Хранить вечно

   «В семнадцатый год правления Кесаря Тиберия, месяца сивана, двадцать второго числа. Прибыл из кипрейского Пафоса Иосеф бар-Нэхэмья, родом левит. Принёс от продажи земель своих и скота своего, и рабов своих, нажитое трудами – 5000 денариев без малого. Принят в общину с радостью, ибо, от богатств отрекшись, очистился, душу свою открыв слову истины и уверовав в чудесное Иисуса Христа, Помазанника Божьего, воскрешение.

   Писано в доме Лазароса в Бифании. К сему руку приложили Симон Кефа и брат его Андреас, и Филиппос, и Нафан апостолы».

   Взгляд понтифика скользнул ниже.

«...месяца тамуза, четвёртого числа...»

«...месяца тамуза, пятнадцатого числа...»

«...месяца тамуза, двадцать восьмого числа...»

«...месяца ава третьего числа...»

   Бонифаций оторвался от рукописи и ошарашенно посмотрел на викария.

   – Так это же!..

   – Да! – восторженно сказал Феликс. – Это – хронология! Летопись первой христианской общины. Написана кем-то из апостолов.

   Бонифаций почувствовал слабость в ногах и присел на стул, на котором несколько дней тому назад сидел смуглолицый Агафон, привезший из Хиеросолима эти, сколь бесценные, столь и, как выясняется, весьма небезопасные свитки. «Вот оно!.. Вот оно!.. Вот оно!.. – застучало в висках у понтифика. – Господи, воля твоя!
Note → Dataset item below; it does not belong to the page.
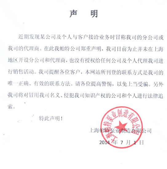 近期發(fā)現(xiàn)某公司及個(gè)人與客戶接洽業(yè)務(wù)時(shí)冒稱我司的分公司或我司的代理商。在此我帕特公司鄭重聲明,我司目前為止并未在上海地區(qū)開(kāi)設(shè)分公司和代理商,也沒(méi)有授權(quán)給任何公司及個(gè)人代理我司進(jìn)行銷售活動(dòng)。我司提醒各位客戶,本網(wǎng)站所刊登的聯(lián)系方式是我司的唯一正確、有效的聯(lián)系方法。請(qǐng)各位提高警惕,以免上當(dāng)受騙。另外我司將對(duì)冒用我司名義、侵犯我司知識(shí)產(chǎn)權(quán)的公司和個(gè)人進(jìn)行法律追索。

Помилуй нас грешных! Новое испытание шлёшь нам! За что?! Неужто службою своей непрестанной милости Твоей не снискали?!..»

   Он опомнился.

   – Кто ещё знает об этом?!

   Феликс пожал плечами, он всё ещё улыбался.

   – Никто... Если, конечно, этот дурнопахнущий иудей не успел растрепать обо всём у себя на Яникуле.

   Понтифик поднялся и, подойдя вплотную к викарию, упёрся пальцем ему в грудь.

   – Иудея запереть! – звенящим шёпотом приказал он. – Слышишь?!.. В келью без окон! Обещать ему двойную – да хоть десятерную! – оплату, но запереть! Чтоб жил, спал, ел только там, где и работает! Даже до ветра не выпускать! Пусть гадит в горшок! Ничего! За такие деньги можно и под замком посидеть, и собственное дерьмо понюхать!.. И чтоб ни одна живая душа к нему не входила! Да что там не входила, чтоб даже не заговаривала! Причём не только из посторонних, но и из братии! Слышишь?!.. За это отвечаешь лично!.. Пришлёшь ко мне начальника стражи – я его тоже настропалю.

   С лица викария медленно сползла улыбка, он непонимающе захлопал глазами.

   – Прости, примас, но... зачем всё это? К чему такая секретность? Ну ладно, от посторонних, но чтоб от братии скрывать...

   Бонифаций удивлённо задрал брови.

   – А ты что, не понимаешь?!.. – он потряс развёрнутым свитком перед носом викария. – Ты не понимаешь опасности вот этого?!

   Феликс недоумённо пожал плечами.

   – А что в этом такого? Ну, летопись. Апостолами писана. Возможно, самим Святым Петросом...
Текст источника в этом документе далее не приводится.